There are a number of option to deal with lossy (e.g JPEG) and lossless images, one or more of which is specified. For example, the -jpeg-to-jpeg option processes existing JPEG images to a given JPEG quality level:
cpdf -process-images -im magick -jpeg-to-jpeg 65 in.pdf -o out.pdf
ImageMagick is required. Use -im to supply it. If we specify -process-images-info too, we can see the work being done:
cpdf -process-images -process-images-info -jpeg-to-jpeg 65
-im magick in.pdf -o out.pdf
Here is sample output:
(20/344) Object 265 (JPEG)... JPEG to JPEG 40798 -> 33463 (82%) (38/344) Object 278 (JPEG)... JPEG to JPEG 4382 -> 3482 (79%) (87/344) Object 266 (JPEG)... JPEG to JPEG 37227 -> 30199 (81%) (243/344) Object 209 (JPEG)... no size reduction (246/344) Object 270 (JPEG)... JPEG to JPEG 202568 -> 191175 (94%) (281/344) Object 280 (JPEG)... JPEG to JPEG 12255 -> 9825 (80%) (312/344) Object 279 (JPEG)... JPEG to JPEG 4117 -> 3157 (76%)
Similar output appears for the other methods, when they are specified. You can see the counter of work being done, and the result for each image chosen for processing.
The -lossless-to-jpeg option converts lossless images within PDFs to JPEG too, at the given quality level. It may be specified in addition to -jpeg-to-jpeg:
cpdf -process-images -jpeg-to-jpeg 65 -lossless-to-jpeg 80
-im magick in.pdf -o out.pdf
Images are only processed if they meet certain thresholds. Changes to the default thresholds may be specified:
Instead of compressing lossless images with lossy JPEG compression, we can resample losslessly:
cpdf -process-images -im magick -lossless-resample 80 in.pdf -o out.pdf
This will resample losslessly-compressed images to contain 80 percent of the original pixels. By default, there will be no interpolation. To use interpolation, which may result in slightly larger data, add -resample-interpolate. To use a DPI target instead, use -lossless-resample-dpi instead:
cpdf -process-images -im magick -lossless-resample-dpi 300
in.pdf -o out.pdf
The methods so far introduced do not operate on 1 bit per pixel data. Different compression mechanisms are typically in use, and we need a different approach. The -1bpp-method option specifies what to do with losslessly compressed 1 bit-per-pixel images.

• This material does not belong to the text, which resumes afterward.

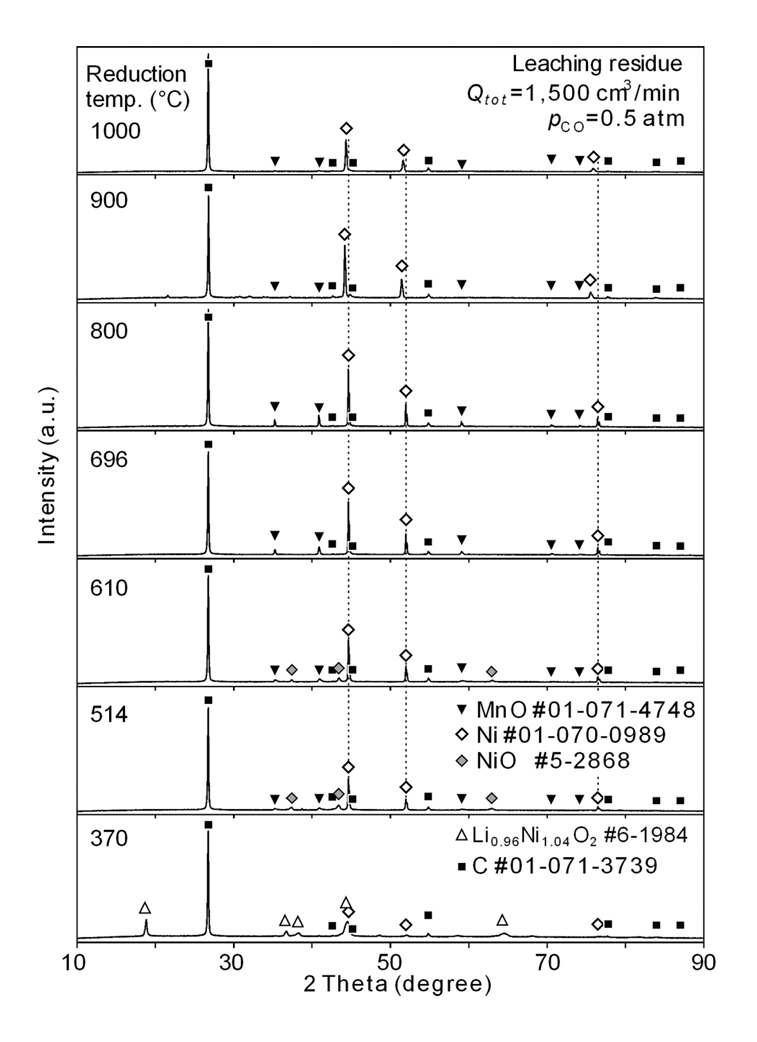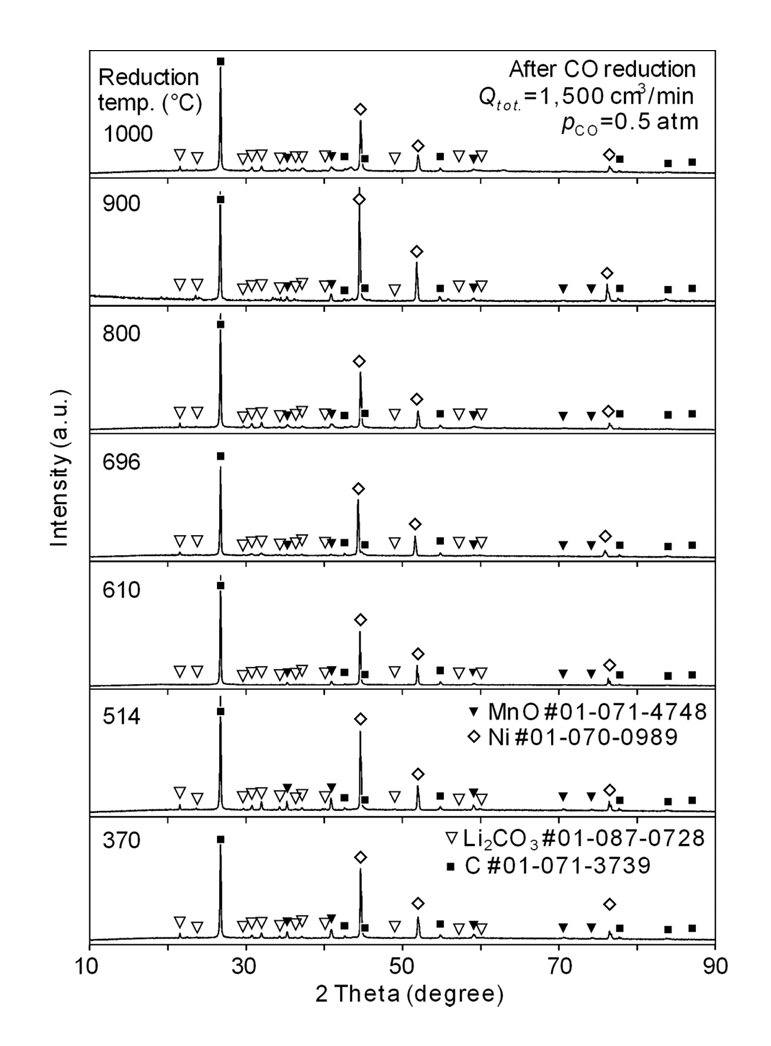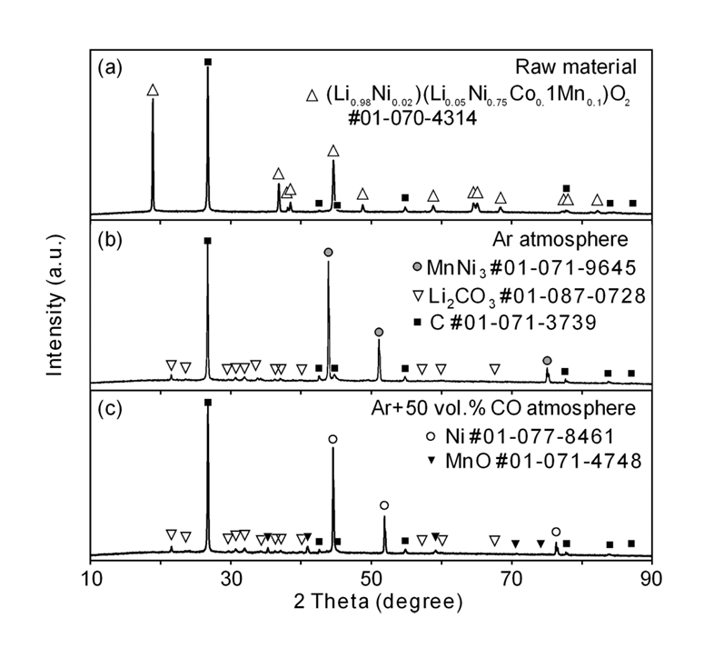 Li2CO3가 검출되었으며, 696 °C 이상에서는 Ni, Co 산화물의 대부분이 환원되었고, 900 °C 이상에서는 MnO의 일부도 환원되어 Ni-Co 합금에

These options require the jbig2enc program, whose location may be specified with -jbig2enc. For lossy JBIG2, the threshold for similarity of data may be set with -jbig2-lossy-threshold. For example:
cpdf -process-images -jbig2enc jbig2enc -1bpp-method JBIG2Lossy
-jbig2-lossy-threshold 75 in.pdf -o out.pdf
It is not currently possible to reprocess lossless JBIG2 into lossy JBIG2, nor is it possible to recompress into CCITT.
NB: CYMK images will be converted to RGB or untouched by some of these processes. A future version of cpdf will remove this limitation.